● **What is needed**:
Exactly the lines from the beginning of the records below through the line with "op basis van" must be given again, without pictures.

════

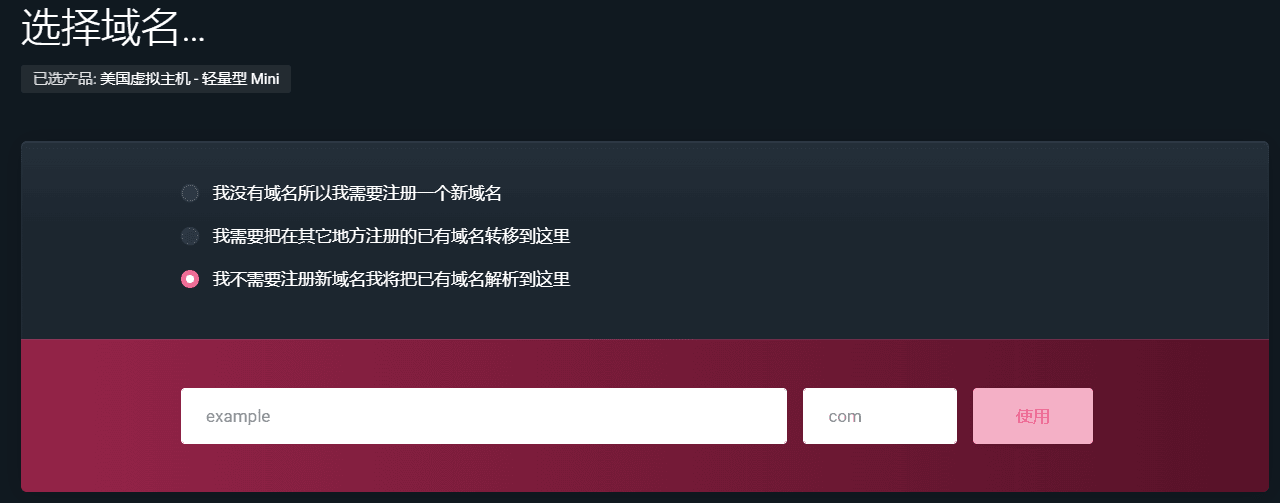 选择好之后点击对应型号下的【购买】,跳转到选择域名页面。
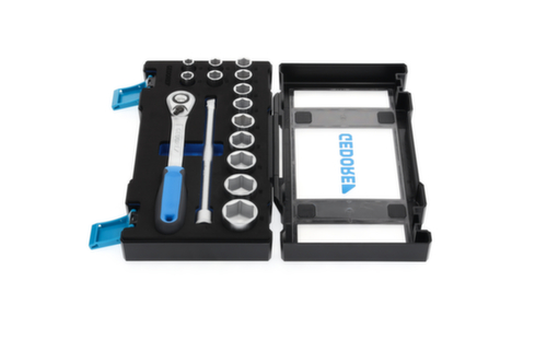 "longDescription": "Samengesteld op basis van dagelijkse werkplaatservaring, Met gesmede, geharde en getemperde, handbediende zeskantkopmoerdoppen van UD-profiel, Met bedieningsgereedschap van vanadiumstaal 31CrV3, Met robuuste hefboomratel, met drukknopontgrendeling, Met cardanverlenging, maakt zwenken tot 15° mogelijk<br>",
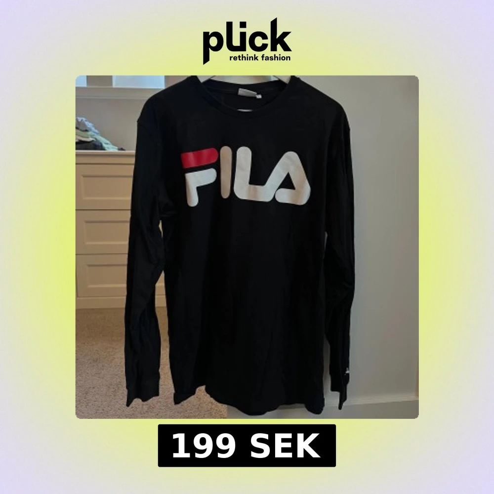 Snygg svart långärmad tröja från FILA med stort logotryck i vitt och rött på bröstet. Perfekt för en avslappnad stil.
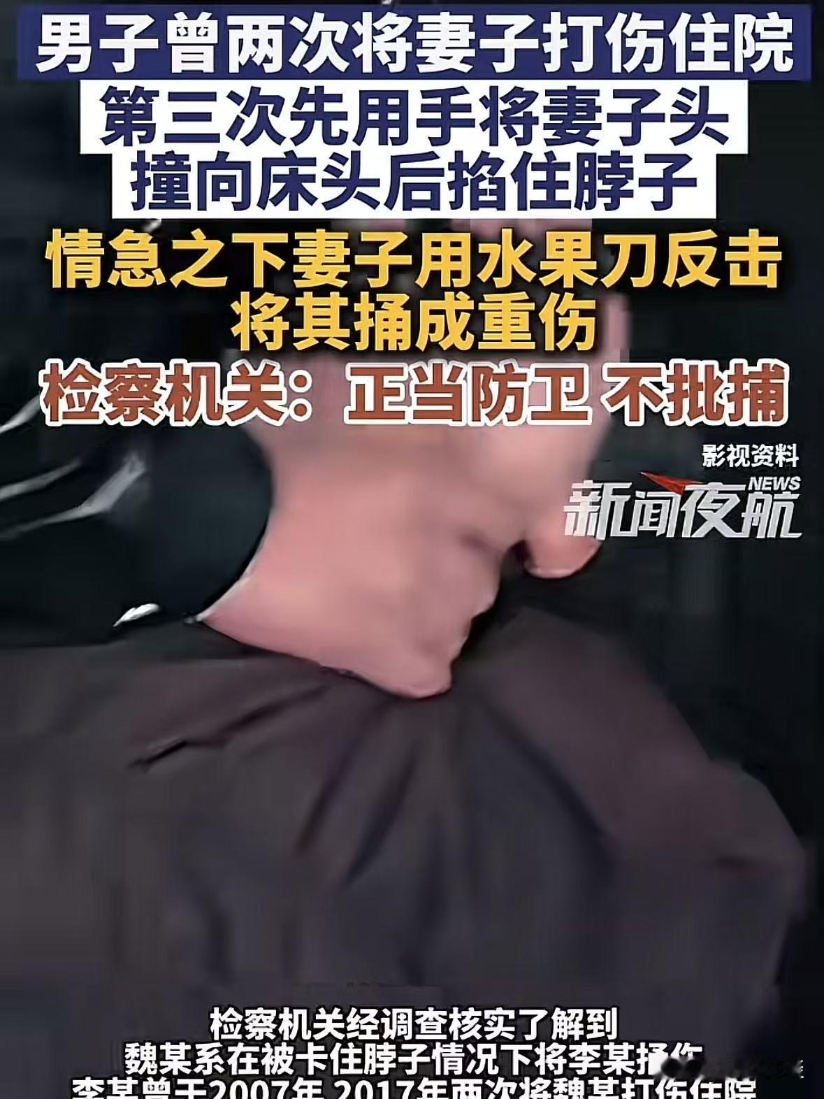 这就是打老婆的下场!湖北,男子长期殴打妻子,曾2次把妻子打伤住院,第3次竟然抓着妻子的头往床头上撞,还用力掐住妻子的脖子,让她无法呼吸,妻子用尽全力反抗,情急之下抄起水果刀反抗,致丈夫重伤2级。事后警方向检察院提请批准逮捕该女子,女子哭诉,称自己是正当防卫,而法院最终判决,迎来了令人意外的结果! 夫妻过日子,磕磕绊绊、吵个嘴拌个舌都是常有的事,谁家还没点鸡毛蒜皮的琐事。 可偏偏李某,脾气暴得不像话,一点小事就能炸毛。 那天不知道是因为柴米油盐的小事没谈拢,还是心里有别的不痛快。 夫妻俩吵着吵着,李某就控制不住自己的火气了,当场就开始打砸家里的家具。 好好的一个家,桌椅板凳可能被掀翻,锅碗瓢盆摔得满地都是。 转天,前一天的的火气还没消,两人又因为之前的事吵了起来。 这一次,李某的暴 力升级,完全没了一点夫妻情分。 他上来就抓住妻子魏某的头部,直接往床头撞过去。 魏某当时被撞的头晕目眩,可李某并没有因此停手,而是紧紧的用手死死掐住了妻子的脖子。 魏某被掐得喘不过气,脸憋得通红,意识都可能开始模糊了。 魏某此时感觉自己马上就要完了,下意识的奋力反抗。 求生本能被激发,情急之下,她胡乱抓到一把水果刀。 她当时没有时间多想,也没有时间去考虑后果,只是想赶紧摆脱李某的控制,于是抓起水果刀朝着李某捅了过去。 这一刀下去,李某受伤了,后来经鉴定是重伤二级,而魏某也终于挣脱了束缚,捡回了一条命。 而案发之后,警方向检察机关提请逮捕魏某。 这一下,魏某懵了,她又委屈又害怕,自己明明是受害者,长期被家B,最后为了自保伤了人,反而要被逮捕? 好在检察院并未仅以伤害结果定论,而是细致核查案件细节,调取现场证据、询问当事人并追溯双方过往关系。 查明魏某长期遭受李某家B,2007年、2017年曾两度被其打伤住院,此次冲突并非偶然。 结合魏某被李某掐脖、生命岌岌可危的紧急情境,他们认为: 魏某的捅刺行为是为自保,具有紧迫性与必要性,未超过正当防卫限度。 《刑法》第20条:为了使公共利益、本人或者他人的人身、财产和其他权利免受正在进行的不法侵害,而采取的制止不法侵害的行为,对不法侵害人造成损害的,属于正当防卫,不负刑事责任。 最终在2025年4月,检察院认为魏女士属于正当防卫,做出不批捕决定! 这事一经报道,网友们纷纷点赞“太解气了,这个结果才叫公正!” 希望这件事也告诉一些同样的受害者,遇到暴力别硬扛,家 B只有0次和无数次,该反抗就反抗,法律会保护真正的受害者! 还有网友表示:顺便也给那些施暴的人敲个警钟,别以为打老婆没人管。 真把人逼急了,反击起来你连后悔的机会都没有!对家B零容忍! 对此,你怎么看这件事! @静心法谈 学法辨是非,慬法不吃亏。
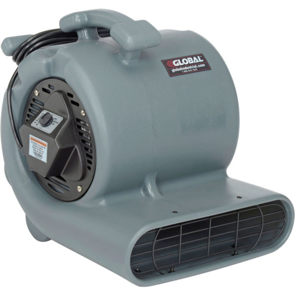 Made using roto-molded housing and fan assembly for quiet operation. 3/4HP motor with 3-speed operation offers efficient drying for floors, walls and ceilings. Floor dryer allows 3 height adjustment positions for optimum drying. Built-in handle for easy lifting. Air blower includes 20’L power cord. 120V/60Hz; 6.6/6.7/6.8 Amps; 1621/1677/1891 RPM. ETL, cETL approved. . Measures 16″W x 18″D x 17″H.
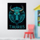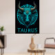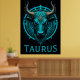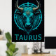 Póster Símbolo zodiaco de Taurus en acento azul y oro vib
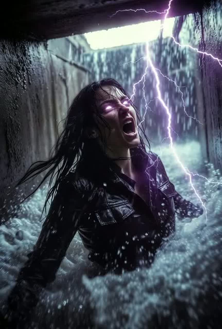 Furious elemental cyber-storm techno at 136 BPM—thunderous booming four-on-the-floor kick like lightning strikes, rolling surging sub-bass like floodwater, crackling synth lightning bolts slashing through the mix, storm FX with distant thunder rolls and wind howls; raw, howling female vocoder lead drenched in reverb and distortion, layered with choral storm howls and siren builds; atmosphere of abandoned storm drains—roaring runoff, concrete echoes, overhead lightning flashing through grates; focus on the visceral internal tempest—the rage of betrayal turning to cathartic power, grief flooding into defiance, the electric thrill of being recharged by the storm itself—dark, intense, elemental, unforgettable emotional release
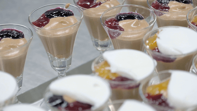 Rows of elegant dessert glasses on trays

════

● **Expected answer**:
 选择好之后点击对应型号下的【购买】,跳转到选择域名页面。
 "longDescription": "Samengesteld op basis van dagelijkse werkplaatservaring, Met gesmede, geharde en getemperde, handbediende zeskantkopmoerdoppen van UD-profiel, Met bedieningsgereedschap van vanadiumstaal 31CrV3, Met robuuste hefboomratel, met drukknopontgrendeling, Met cardanverlenging, maakt zwenken tot 15° mogelijk<br>",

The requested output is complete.